For more than four months he roomed with 40 non-ambulatory patients. While lying in a full body cast and traction, he leafed through the medical records of other patients to keep busy. This engrossed him during the day so he could sleep at night. At his discharge in February 1944, Fisher wore steel braces from hips to neck and walked with a pronounced limp.
While continuing to recuperate and learning to live with his residual physical problems, Fisher, at the age of twenty-five, returned to Kalamazoo. He would not return to Harvard Law School while the war waged on. He was determined to obtain a job in a defense industry. While trying to get a job, he kept getting told that with his braces and spastic right leg he could not be used, not even for the lowest possible clerkship. Companies were afraid he'd fall and puncture a lung, risking worker's compensation claims. He was even rejected at Kalamazoo's biggest defense company where he knew the personnel director.
At this point the Disabled American Veterans (DAV) contacted Fisher. The DAV informed Fisher that they needed his help. About five hundred (500) disabled veterans had submitted claims to
obtain medical services, financial compensation, wheelchairs, rehabilitation and more. Their files were waiting to be processed. Fisher facilitated hundreds of claims between February 1944 and August 1944 when he finally returned to Harvard Law School.

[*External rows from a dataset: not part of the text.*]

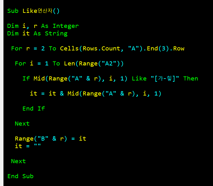 | VBA Like 연산자 활용 (추가) (0) | 2024.05.17 |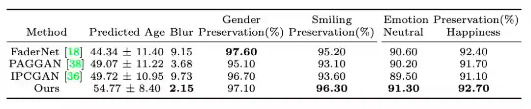 数据集为online face recognition API ,生成的是50岁以上的效果,可见该文方法年龄结果在50岁以上,生成图像最清晰,在表情保留方面更好,性别保留方面略差。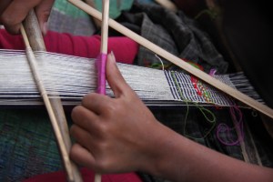Backstrap loom weaving in process, Nagaland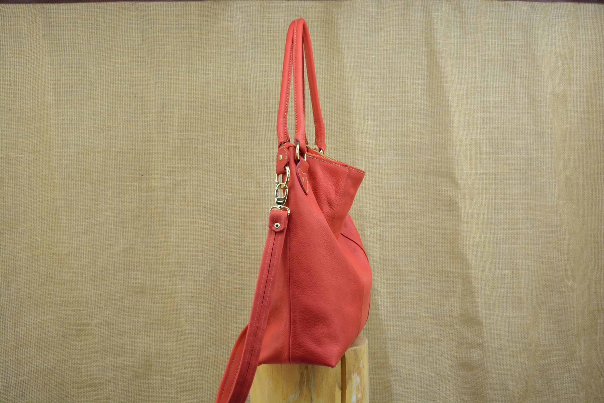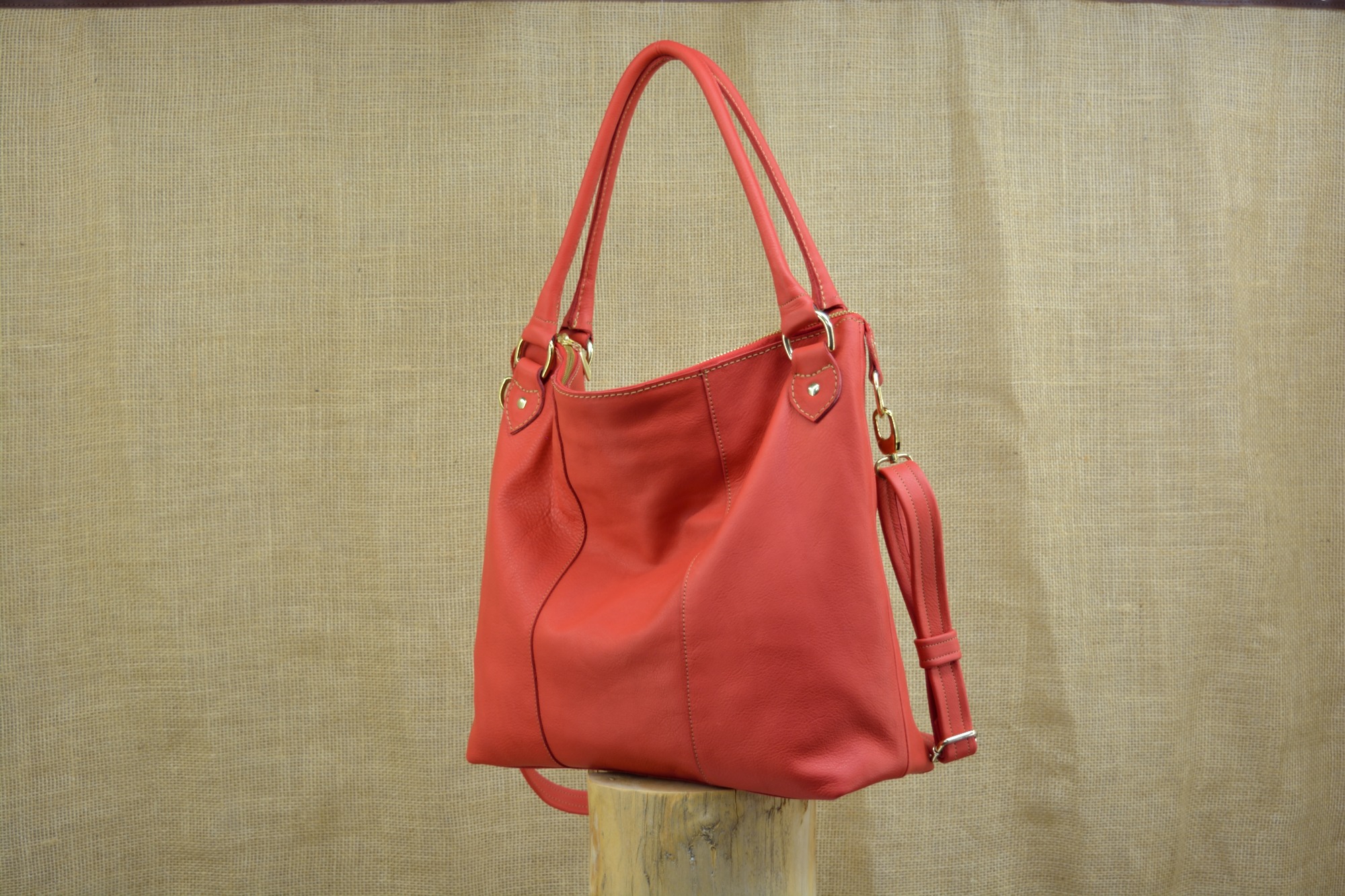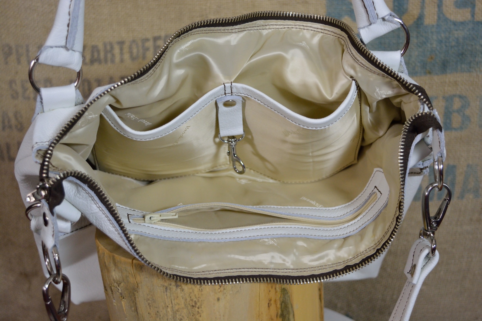 Dámská kožená kabelka Deneris A4 - kvalitní dámská kožená kabelka vyrobená ručně z pravé hovězí kůže. Kožená kabelka má jedno hlavní oddělení, ve kterém se nachází na přední straně dvě kapsy z podšívky a na zadní straně jedna uzavíratelná kapsa z podšívky na zip.

Fisher graduated from Harvard Law School in February 1945. Large and prestigious eastern firms generally sought Harvard graduates. Fisher's experience was different. Although he had graduated in the top third of his class, he encountered two forms of discrimination. Some firms refused to hire him stating that his disabilities and braces made him a poor risk for health and additional injuries; others would not hire him because he was Jewish.
He decided to begin his own practice. From the first day, disabled veterans whom Fisher had previously assisted retained him as their attorney. He remembers his practice looked like an emergency room, with clients using crutches, wheelchairs and other adaptive equipment. These disabled veterans also brought their parents, grandparents, aunts, uncles, siblings and friends. He worked on all kinds of problems from purchasing real estate to wills, business ventures, leases, marital concerns and more. Fisher was immersed in the lives of individuals with disabilities as fellow veterans, friends, acquaintances and clients. He learned about the problems of access, mobility, employment, the bedroom and the bathroom.
Fisher journeyed the short distance from Kalamazoo to Percy Jones Hospital in Battle Creek (the old Kellogg sanitorium featured in the movie The Road to Wellville) because it was the official government hospital to treat and rehabilitate amputees. A huge number of both above and below the knee amputees resided in Battle Creek. Many would travel the short distance to Kalamazoo for the bigger city's more active social life. It was not uncommon to see many people using prostheses. Unfortunately for those going downtown, Kalamazoo had quite tall curbs and people would fall on them breaking stumps and injuring themselves. Wheelchair users were simply unable to travel downtown.
In 1945, Fisher took it upon himself to get curb cuts and side-pipe rails. He petitioned the Kalamazoo city commission and testified before them. The city manager, whose adult son used a wheelchair, understood the problem firsthand. The city commission authorized the construction of cement ramps with safety rails in the central business district. Test ramps were constructed in 1945 and placed at the corners of three or four blocks.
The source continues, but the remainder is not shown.